Our study is one piece of the puzzle disentangling social influence on metacognition and especially confidence perception. While other researchers study these effects (e.g., Koriat et al., 2016, 2018), our research complements existing research as it uses within-subject designs allowing us to study how learners adapt to socio-cognitive information and how this information impacts metacognitive monitoring and regulation, thereby providing insights into the dynamics of self-regulated learning in social settings. This may further our understanding on the complexity of social influences on individual learning and help us to gain insight into the mechanisms relevant in social learning scenarios like web-based learning in open learning environments and social media contexts.

Apart from gaining basic knowledge about the relationship between socio-cognitive information, socio-metacognitive information, metacognitive evaluation and regulation, the research can also contribute to instructional design. Especially the discussed issues regarding depiction of concepts (conflict representation vs. integration of assumption and confidence) show how data assessment and representation may impact interpretation and thus handling of data when learners regulate their learning. The power of representational guidance mechanisms (see Suthers & Hundhausen, 2003) may be exploited especially within self-regulated learning, since implicit guidance mechanisms allow for agency while still supporting learning processes (Schnaubert & Bodemer, 2017). Thus, apart from studying social influence and metacognition, our research is a basis for further exploring the possibilities and limitations of the instructional power of representational guidance mechanisms within self-regulated and even collaborative learning research.

While this research is especially relevant for individual learning settings that are embedded in an anonymous social setting with limited social cues available, there are other layers of social influence to consider.
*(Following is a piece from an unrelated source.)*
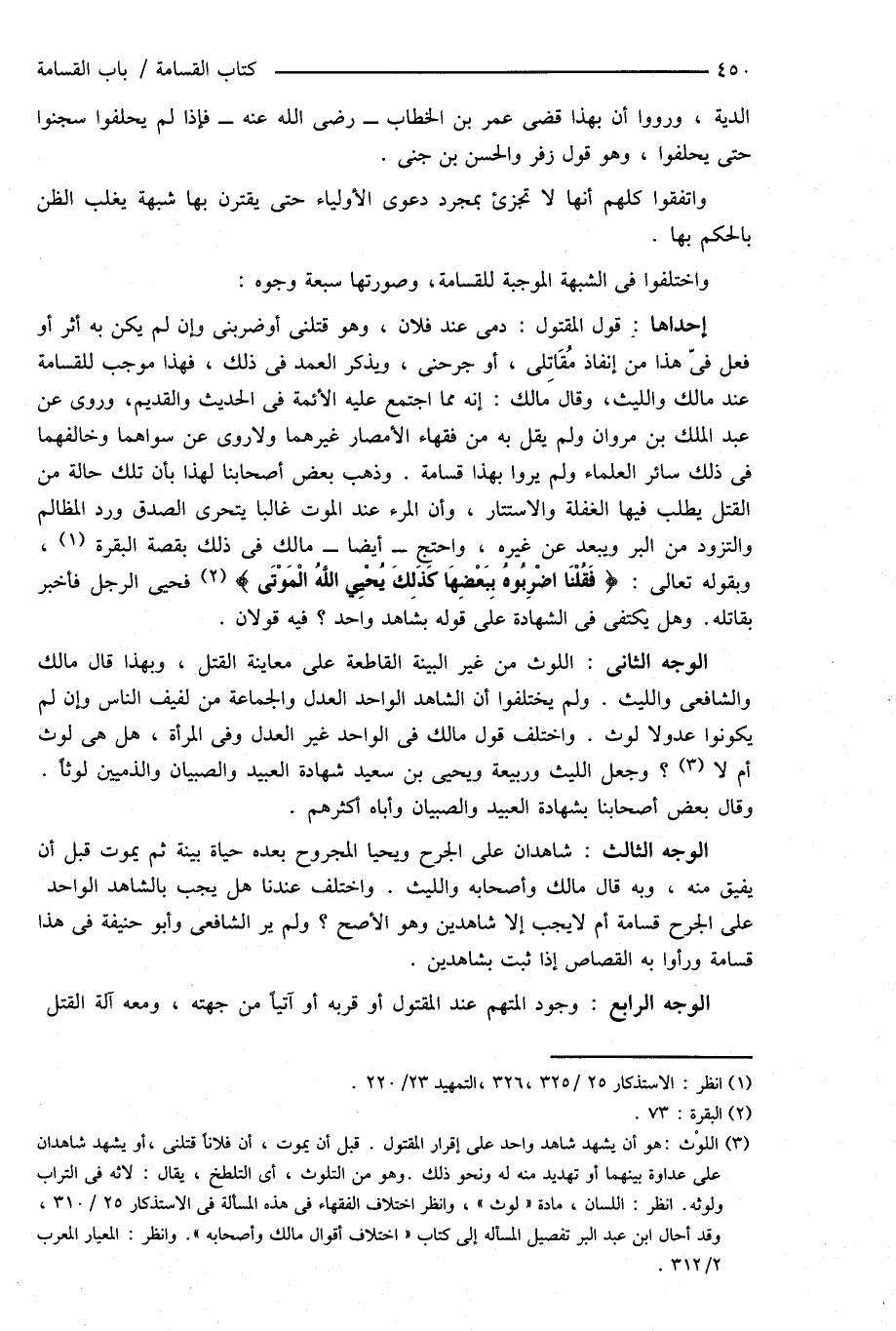 (¬3) اللوْث: هو أن يشهد شاهد واحد على إقرار المقتول. قبل أن يموت، أن فلاناً قتلنى، أو يشهد شاهدان على عداوة بينهما أو تهديد منه له ونحو ذلك. وهو من التلوث، أى التلطخ، يقال: لاثه فى التراب ولوثه. انظر: اللسان، مادة " لوث "، وانظر اختلاف الفقهاء فى هذه المسألة فى الاستذكار 25/ 310، وقد أحال ابن عبد البر تفصيل المسأله إلى كتاب " اختلاف أقوال مالك وأصحابه ". وانظر: المعيار المعرب 2/ 312.

While social information in web-based and social media learning may often merely be viewed and considered from an individual and his/her individual learning process, a key part of such settings is the possibility of direct interaction and even collaboration. Thus, the distinction between recipient and provider of information may be blurred and the dynamics may shift from individual self-regulated learning to collaborative knowledge construction attempts. Such processes may contain argumentation, knowledge sharing and directly addressing each other in an interactive or transactive manner (e.g., Cress et al., 2015). These interwoven designs are even more complex and while there is increasing research addressing self-, co- and shared regulation (see Järvelä & Hadwin, 2013), the impact of social interaction on metamemory processes are yet understudied. Bridging the gap between those research areas (especially metacognitive self-regulation and collaborative learning) is being done recently by various research groups (e.g., Järvelä, Järvenoja, Malmberg, Isohätälä, & Sobocinski, 2016; Miller & Hadwin, 2015; Molenaar & Järvelä, 2014). Combining this work with the knowledge gained from highly structured research about social influences on metacognition (e.g., Koriat et al., 2016, 2018) and applied research on cognitive group awareness within the field of computer-supported collaborative learning (for a recent overview see Bodemer, Janssen, & Schnaubert, 2018) could be a major contribution to these fields. Such research transfer from insights of individual to collaborative scenarios can enormously contribute to understanding the even more complex dynamics within groups and to empowering learners in dealing with metacognitive challenges in social scenarios.